ERTUGLIFLOZIN /METFORMIN should not be used in individuals with type 1 diabetes mellitus.


Lactic acidosis-Lactic acidosis is a rare, but serious metabolic complication that can occur due to metformin accumulation during treatment with metformin. When it occurs, it is fatal in approximately 50% of cases. Lactic acidosis is a medical emergency and must be treated in hospital immediately. The risk of lactic acidosis increases with the degree of renal dysfunction. Reported cases of lactic acidosis in individuals on metformin have occurred primarily in those with diabetes with significant renal insufficiency, often in the setting of multiple concomitant medical/surgical problems and multiple concomitant medications. Special caution should be taken in the elderly due to the decrease of renal function with age.

Note: Diabetes Medscheck for referral to CDE for education.


Metformin must be discontinued at the time of surgery under general, spinal, or epidural anaesthesia. Therapy may be restarted no earlier than 48 hours following surgery or resumption of oral nutrition and provided that renal function has been re-evaluated and found to be stable.

Monitoring of renal function

Renal function should be confirmed before initiation of ERTUGLIFLOZIN /METFORMIN therapy, and then at least once a year in those with normal renal function and at least two to four times a year if serum creatinine levels are at or above the upper limit of normal and in elderly individuals.

Decreased renal function in the elderly is frequent and asymptomatic. Special caution should be exercised in situations where renal function may become impaired, for example when initiating antihypertensive or diuretic therapy or when starting treatment with a nonsteroidal anti-inflammatory drug (NSAID).

Note: Diabetes Medscheck for referral to CDE for education.


Alcohol Intake

Alcohol is known to potentiate the effect of metformin on lactate metabolism. Individuals, therefore, should be warned against excessive alcohol intake while receiving ERTUGLIFLOZIN /METFORMIN.

Adverse Effects:


-Gastrointestinal disorders

Gastrointestinal symptoms such as nausea, vomiting, diarrhoea, abdominal pain, and loss of appetite are very common (>10%): these occur most frequently during initiation of therapy and resolve spontaneously in most cases. To prevent these gastrointestinal symptoms, it is recommended that this medicinal product be taken in 2 or 3 daily doses. A slow increase of the dose may also improve gastrointestinal tolerability.

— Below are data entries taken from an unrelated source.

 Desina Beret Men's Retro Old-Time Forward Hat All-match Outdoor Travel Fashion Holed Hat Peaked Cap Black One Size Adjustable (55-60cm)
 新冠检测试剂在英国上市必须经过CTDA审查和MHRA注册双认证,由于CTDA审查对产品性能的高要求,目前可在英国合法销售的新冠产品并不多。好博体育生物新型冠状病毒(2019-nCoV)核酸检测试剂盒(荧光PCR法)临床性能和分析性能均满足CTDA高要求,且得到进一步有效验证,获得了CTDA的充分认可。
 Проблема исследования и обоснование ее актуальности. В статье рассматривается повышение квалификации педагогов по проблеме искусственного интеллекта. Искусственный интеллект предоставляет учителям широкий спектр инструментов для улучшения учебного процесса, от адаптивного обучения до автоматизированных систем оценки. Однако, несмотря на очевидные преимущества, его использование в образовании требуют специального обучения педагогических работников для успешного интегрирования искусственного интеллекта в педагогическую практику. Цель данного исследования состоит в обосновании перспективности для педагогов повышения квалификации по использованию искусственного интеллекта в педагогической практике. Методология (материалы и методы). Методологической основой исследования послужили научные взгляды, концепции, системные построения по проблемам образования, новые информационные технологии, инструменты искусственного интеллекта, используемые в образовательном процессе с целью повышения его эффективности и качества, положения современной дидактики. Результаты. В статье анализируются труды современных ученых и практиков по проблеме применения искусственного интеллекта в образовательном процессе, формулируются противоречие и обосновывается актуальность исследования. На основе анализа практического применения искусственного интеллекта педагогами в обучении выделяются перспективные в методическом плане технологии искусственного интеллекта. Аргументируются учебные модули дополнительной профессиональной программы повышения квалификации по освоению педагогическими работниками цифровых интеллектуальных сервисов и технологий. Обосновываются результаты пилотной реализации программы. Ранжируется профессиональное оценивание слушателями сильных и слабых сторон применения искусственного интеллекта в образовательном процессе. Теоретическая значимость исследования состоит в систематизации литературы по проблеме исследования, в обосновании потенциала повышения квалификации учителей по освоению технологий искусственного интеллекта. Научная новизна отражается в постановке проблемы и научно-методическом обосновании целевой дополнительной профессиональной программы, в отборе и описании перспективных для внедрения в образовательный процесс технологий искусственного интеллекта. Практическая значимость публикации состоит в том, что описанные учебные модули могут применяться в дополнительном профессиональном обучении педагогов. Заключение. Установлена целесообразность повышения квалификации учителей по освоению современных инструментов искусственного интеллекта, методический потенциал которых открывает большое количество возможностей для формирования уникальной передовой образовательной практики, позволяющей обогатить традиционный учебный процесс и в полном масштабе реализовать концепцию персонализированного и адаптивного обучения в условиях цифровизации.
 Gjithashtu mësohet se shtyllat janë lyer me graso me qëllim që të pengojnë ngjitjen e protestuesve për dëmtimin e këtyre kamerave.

-Metabolism and nutrition disorders

-Lactic acidosis is a very rare (<0.01%) but serious metabolic complication that can occur due to metformin accumulation during treatment with metformin. The onset of lactic acidosis is often subtle and accompanied by non-specific symptoms such as malaise, myalgia, respiratory distress, increasing somnolence and non-specific abdominal distress. There may be associated hypothermia, hypotension and resistant bradyarrhythmias with more marked acidosis.

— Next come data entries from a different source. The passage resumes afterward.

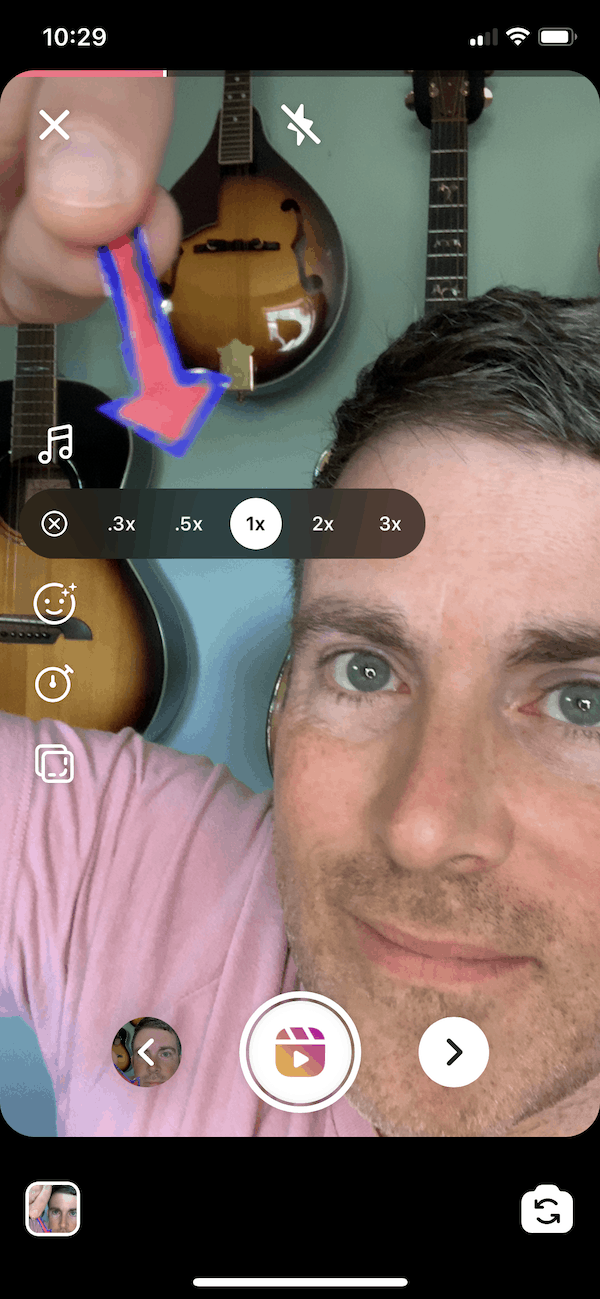8. Then shoot a video, either all at once or one clip at a time, until you reach 15 seconds (clip bars will display at the top of the screen).
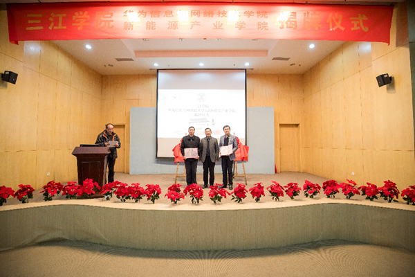 随后,教务处刘正涛处长宣布正式成立两个产业学院,吴中江常务副校长为华为信息与网络技术学院的院长宋铁成教授和新能源产业学院院长吕俊博士颁发了聘书,并一同为产业学院进行揭牌。
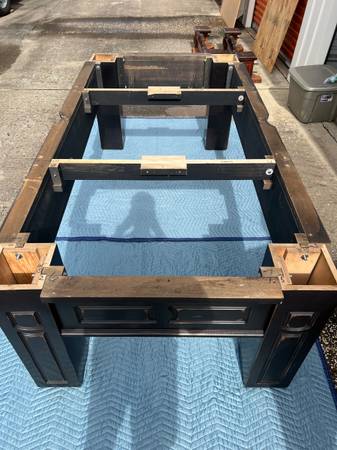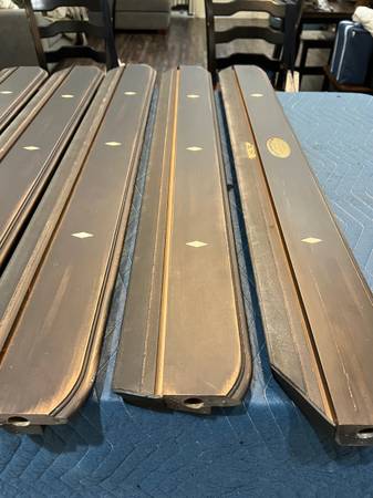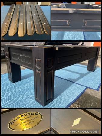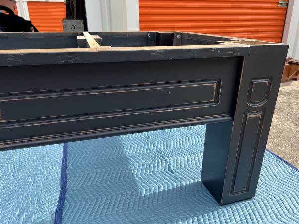 ***You will see a stock photo of the table posted with burgundy cloth. The sole purpose of this stock photo is to give you an idea of what the table looks like assembled. I posted many pictures of the actual rails and rail sideboards so you can see condition and the matte graphite stain. I’ll be posting more pics of the frame, slate, and pockets in the coming days***
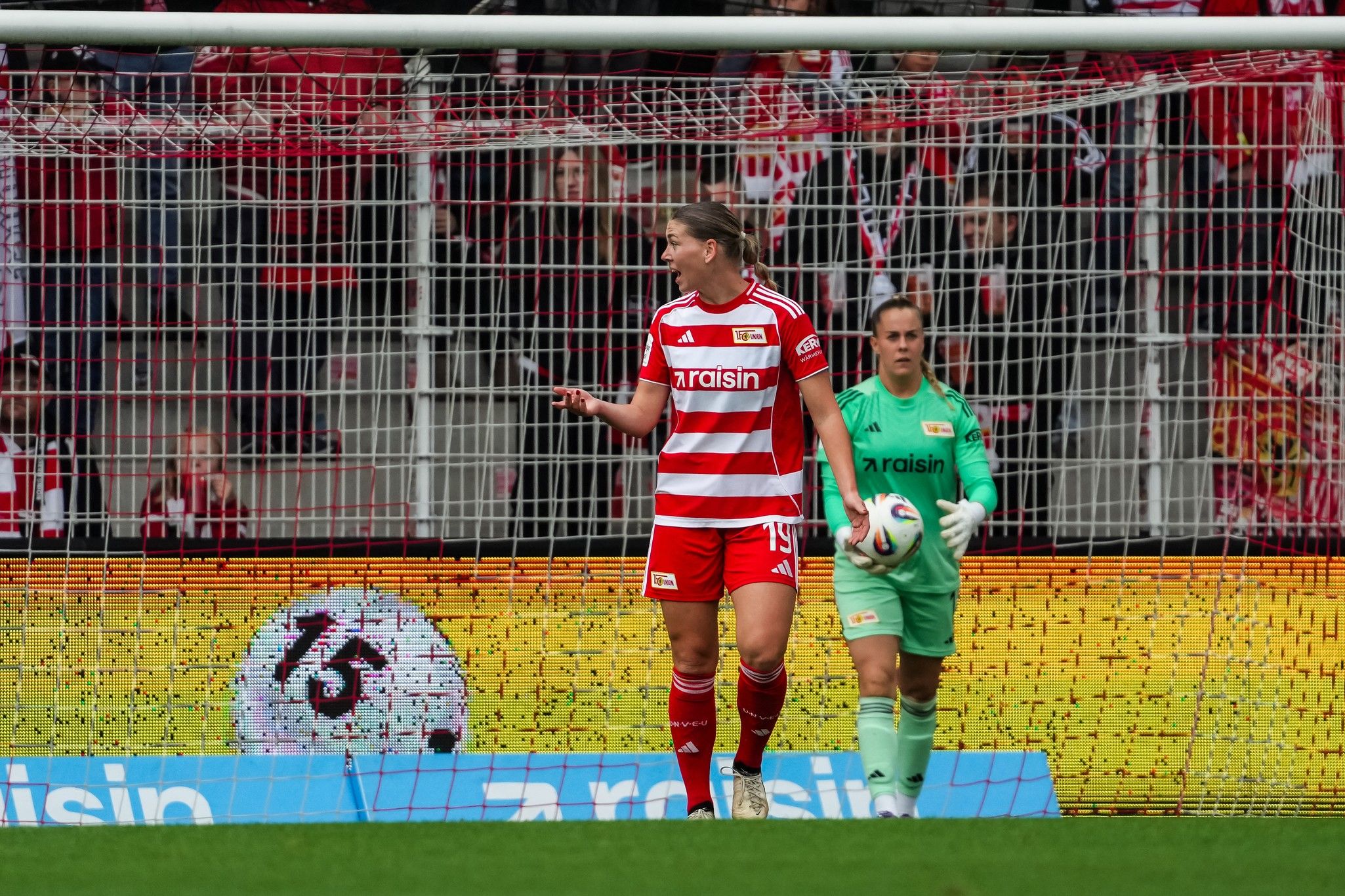 They stayed for an age after the final whistle as the team finished their huddle and came over to the Gegengerade. Reissner, on crutches, had her name sung from top to bottom of the terrace. It was a moving end to a tough day at home.

Note: Diabetes Medscheck with referral to appropriate to HCP for education.

-Hepatobiliary disorders

Very rare: liver function test abnormalities or hepatitis requiring treatment discontinuation.

-Skin and subcutaneous tissue disorders

Skin reactions such as erythema, pruritus and urticaria have been reported but the incidence is very rare (<0.01%).

-Nervous system disorders

-Taste disturbance (3 %) is common.


-Vitamin B12 Levels

In controlled, 29-week clinical trials of immediate release metformin, a decrease to subnormal levels of previously normal serum Vitamin B12 levels, without clinical manifestations, was observed in approximately 7% of individuals. Such decrease, possibly due to interference with B12 absorption from the B12-intrinsic factor complex is, however, very rarely associated with anaemia and appears to be rapidly reversible with discontinuation of metformin or Vitamin B12 supplementation. Measurement of haematologic parameters on an annual basis is advised in those on ERTUGLIFLOZIN /METFORMIN and any apparent abnormalities should be appropriately investigated and managed. Certain individuals (those with inadequate Vitamin B12 or calcium intake or absorption) appear to be predisposed to developing subnormal Vitamin B12 levels). See interventions for further information.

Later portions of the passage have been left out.